I found that answer in Andy (of course).

He said that if I want this time to be different, than I have to do things differently than I have done before because, obviously, nothing has worked. He suggested making my goals public. Last night, he said "post your weight on facebook every day". I walked out of the room! And I was thinking "No way! How embarassing!"

Then I started thinking...Andy used to be 190lbs (he's 6'5" and he was way to skinny and looked gross) and over the past 4 years, I have watched him take control of his body. He wanted to bulk up, he bulked up. He wanted to trim down, he trimmed down. Anything he puts his mind to, consider it done. I envy that about Andy and wish that I could be more like that.

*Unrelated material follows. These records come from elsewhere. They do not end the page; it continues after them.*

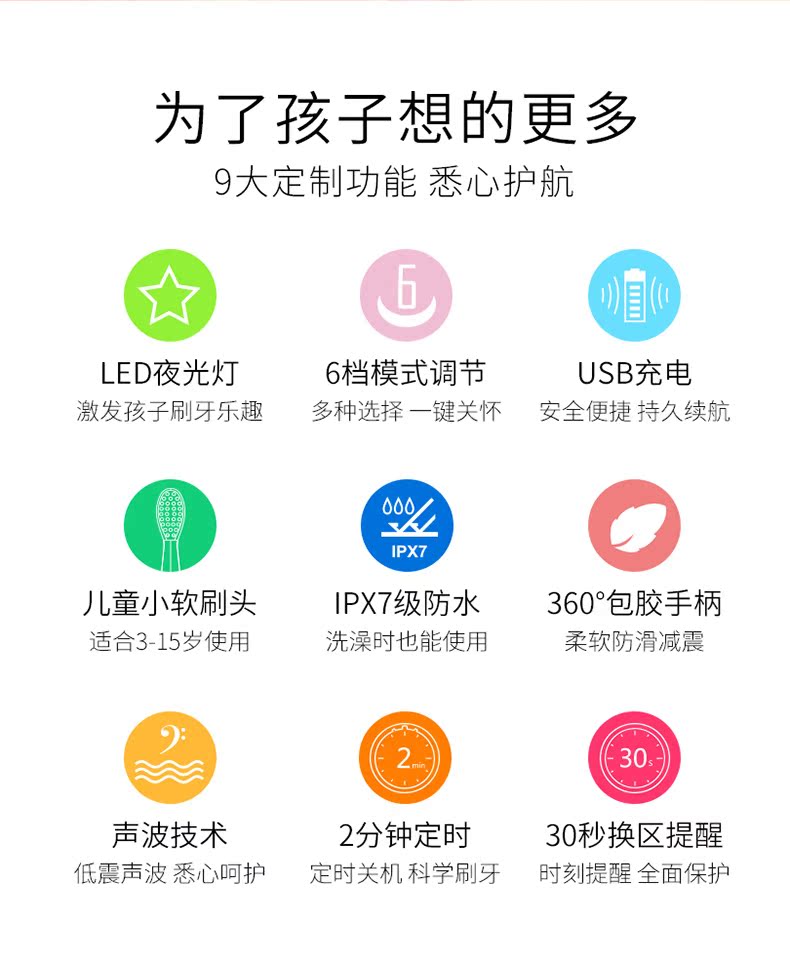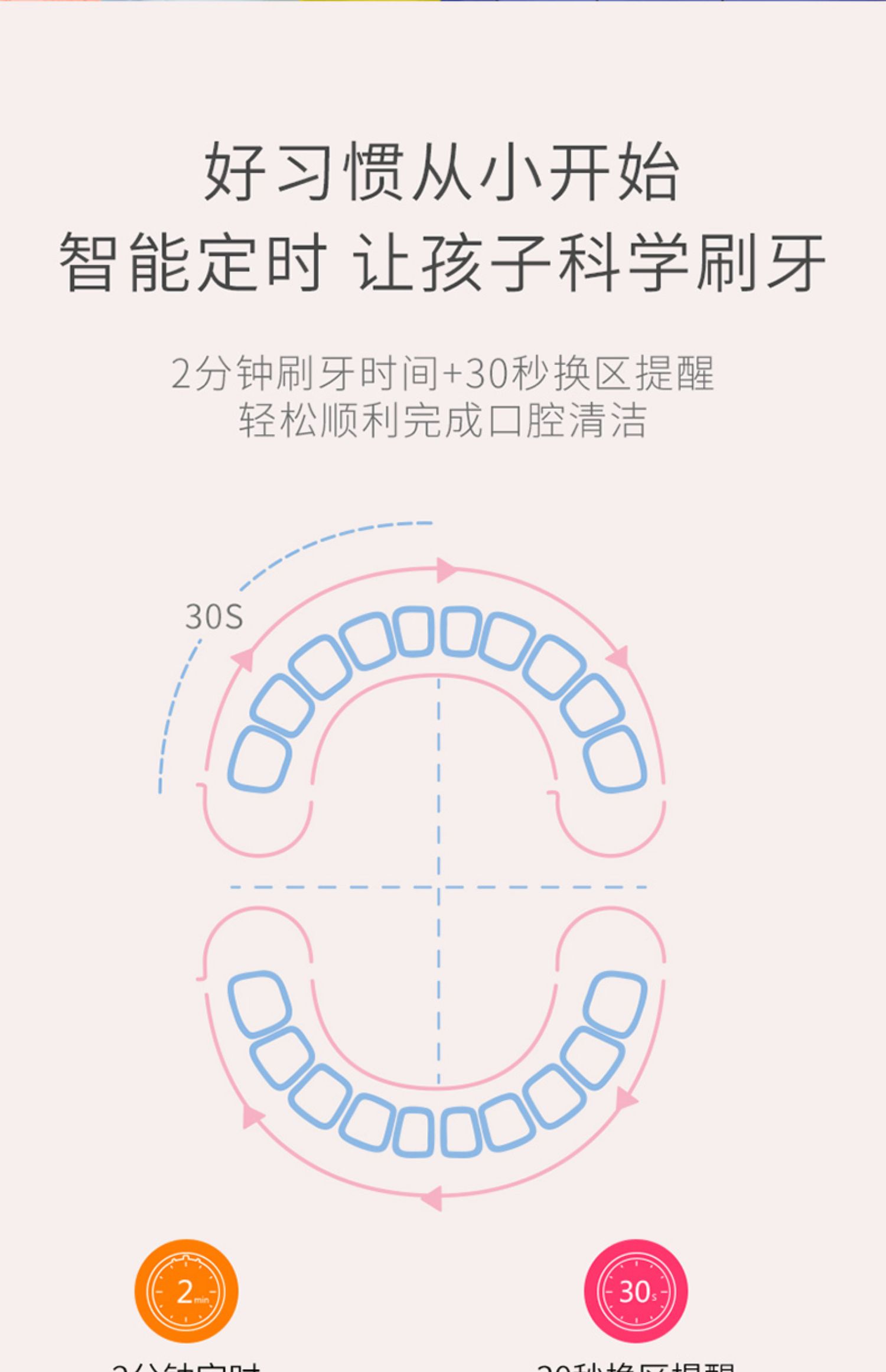 【充电款+7级防水+6档位调节】3-15岁儿童自己的电动牙刷。一键夜光按钮,搭载六档可切换刷牙模式,细腻柔软的刷毛,给宝宝呵护同时更能深入清洁牙齿。轻松让孩子养成主动刷牙的好习惯!
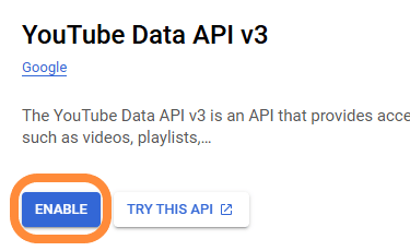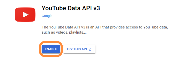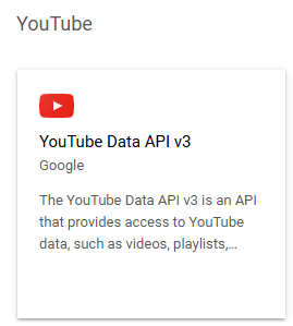 Navigate to API library and select YouTube Data API v3:
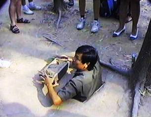 5 Meter Tiefe befanden, oben als Wippe gut getarnt, trat man darauf, war es der sichere Tod. Die Tarnung der Eingänge,zu den unterirdischen Anlagen waren so                                     gut, dass auch ein geübtes Auge  seine Schwierigkeiten damit hatte,sie zu entdecken. Ganz raffiniert waren die schmalen                                                 Blumenkastenfallen angelegt  -  in diesen unterirdischen Löchern, lauerte der Vietcong, von unten wurde dann
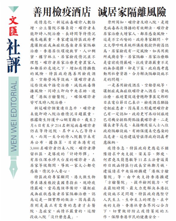疫情惡化,新冠病毒確診人數倍增,公立醫院不勝負荷,確診者未能即時入院治療、長時間等待情況越來越嚴重,專家建議特區政府考慮讓輕症或無症狀感染者居家隔離治療。香港居住環境狹窄,人口稠密,樓宇林立,居家檢疫情況並不理想,確診者居家治療更會置家人和鄰居於危境之下,增加疫情擴散的風險。特區政府應善用檢疫酒店、空餘營地等設施,讓確診者在這些設施中接受治療,減低病毒傳播風險,同時立即向中央求助、速建「港版方艙醫院」,確保確診者皆可及時入院治療。

Well, all that being said, I realized that I would be a fool to not take his advice. I know he wouldn't steer me wrong and that he has my best interest at heart. I trust him and I know he will support me through this...he would support me through anything.

So here it goes:

I will post notes everyday about my progress. Current weight, measurements, gym time, work-outs (and probably feelings because I am female and we can't help but to interject our feelings into everything!)

March 29, 2011

Weight: 170 lbs.

Measurements:

Waist: 42 in.

Hips: 44 in.

Thigh: 26 in.

Biceps: 14 in.

Neck: 14 in.

I am also attaching pictures. Ugh. Yes...pictures. A bathing suit that I have had for years that I want to be able to wear (and look good in) this summer.